エルサレムの滅亡について予言されたイエス様は続けて人類の終末について言い始められました。人類の終末の時に、どんな恐ろしいことが起こりますか。25,26節をご覧ください。「そして、日と月と星には、前兆が現われ、地上では、諸国の民が、海と波が荒れどよめくために不安に陥って悩み、人々は、その住むすべての所を襲おうとしていることを予想して、恐ろしさのあまり気を失います。天の万象が揺り動かされるからです。」マタイの福音書24:29節には、太陽は暗くなり、月は光を放たず、星は天から落ち、天の万象は揺り動かされると言われました。太陽が暗くなると生物は命を維持することができません。星は今までぶつかることなく秩序正しく動いていました。ところがその日には台風によって果物が木から落ちるように天から星が落ちます。人々は海と波が荒れどよめくために不安に陥って悩みます。その日には人類が築き上げたすべての科学文明は滅びるようになります。?ペテロ3:10はこう言っています。「しかし、主の日は、盗人のようにやって来ます。その日には、天は大きな響きをたてて消えうせ、天の万象は焼けてくずれ去り、地と地のいろいろなわざは焼き尽くされます。」このような恐ろしい災難の後にイエス様が再び来られます。
その時、イエス様はどんな姿で来られますか。
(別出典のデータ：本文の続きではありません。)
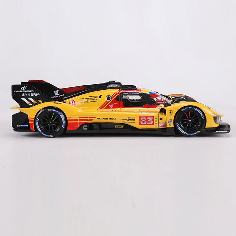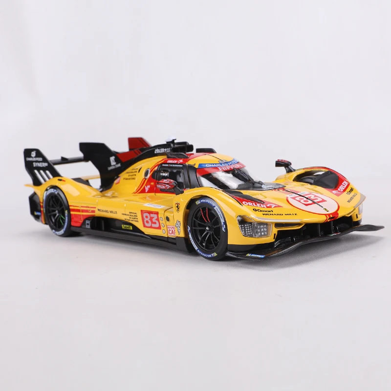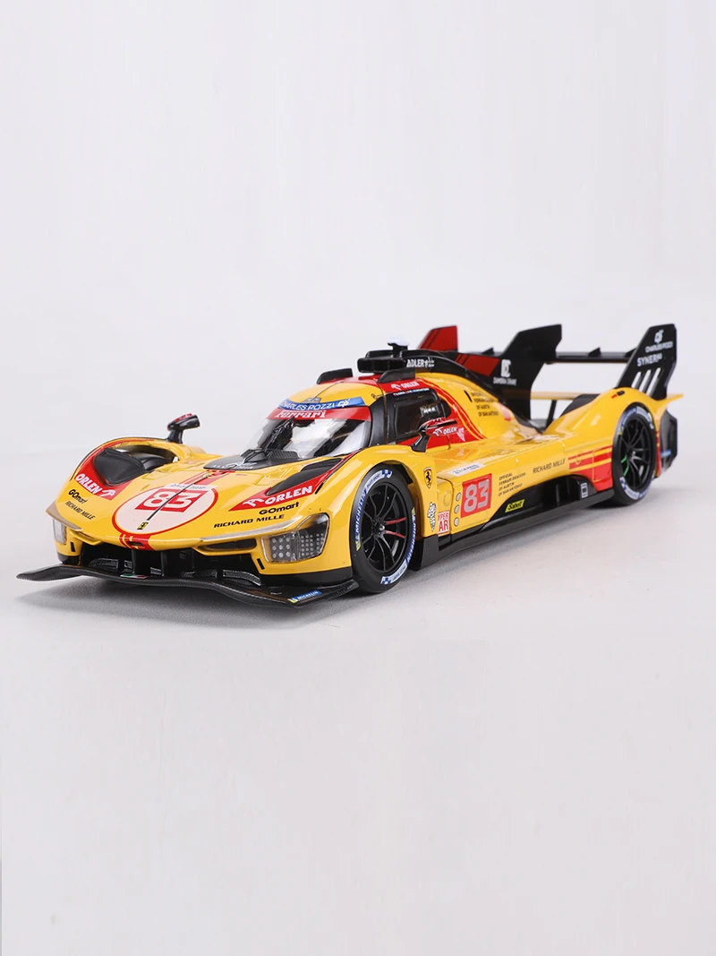 - Bright yellow body with vivid red accents, sponsor logos, and numbered 83 decal, showcasing its race-specific liveries and branding elements.

27節をご一緒に読んでみましょう。「そのとき、人々は、人の子が力と輝かしい栄光を帯びて雲に乗って来るのを見るのです。」神様なしに生きている人々は大胆に罪を犯します。肉の欲望に従います。このような人々はイエス様を十字架につける人々です。人々はイエス様を十字架につけるとき、再びイエス様を見ることはないと思いました。しかし、イエス様は神様の力によって死者の中からよみがえられ、神様の右の座に着座されました。そして、時になると再び雲に乗って来られます。使徒パウロはその日の栄光について次のように言いました。「主は、号令と、御使いのかしらの声と、神のラッパの響きのうちに、ご自身天から下って来られます。それからキリストにある死者が、まず初めによみがえり、次に、生き残っている私たちが、たちまち彼らといっしょに雲の中に一挙に引き上げられ、空中で主と会うのです。このようにして、私たちは、いつまでも主とともにいることになります。」(?テサ4:16)。イエス様が力と輝かしい栄光を帯びて来られる日は神様に敵対していた人々には悲しみの日であり、滅びの日です。しかし、神様を信じる人々にとっては喜びの日であり、救いの日です。最後の勝利と栄光の日です。この世では迫害を受けていた人々はその日には堂々と胸を張ることができます。28節をご覧ください。「これらのことが起こり始めたなら、からだをまっすぐにし、頭を上に上げなさい。贖いが近づいたのです。」そのとき、イエス様は、御使いたちを送り、地の果てから天の果てまで、四方からその選びの民を集めます(マルコ13:27)。その時、いのちの書に名前が記されている人々の名前が呼ばれます。すると、名前が呼ばれた人はからだをまっすぐにし、頭を上に上げて答えます。「はい。主よ。私がここにおります。」その時、キリストにある死者が、まず初めによみがえり、次に、生き残っている私達が、たちまち彼らといっしょに雲の中に一挙に引き上げられ、空中で主と会うのです。そして、神の国で永遠に愛する主とともにいるようになります。この生ける望みはこの世のどんな苦しみにも耐えられる力を与えます。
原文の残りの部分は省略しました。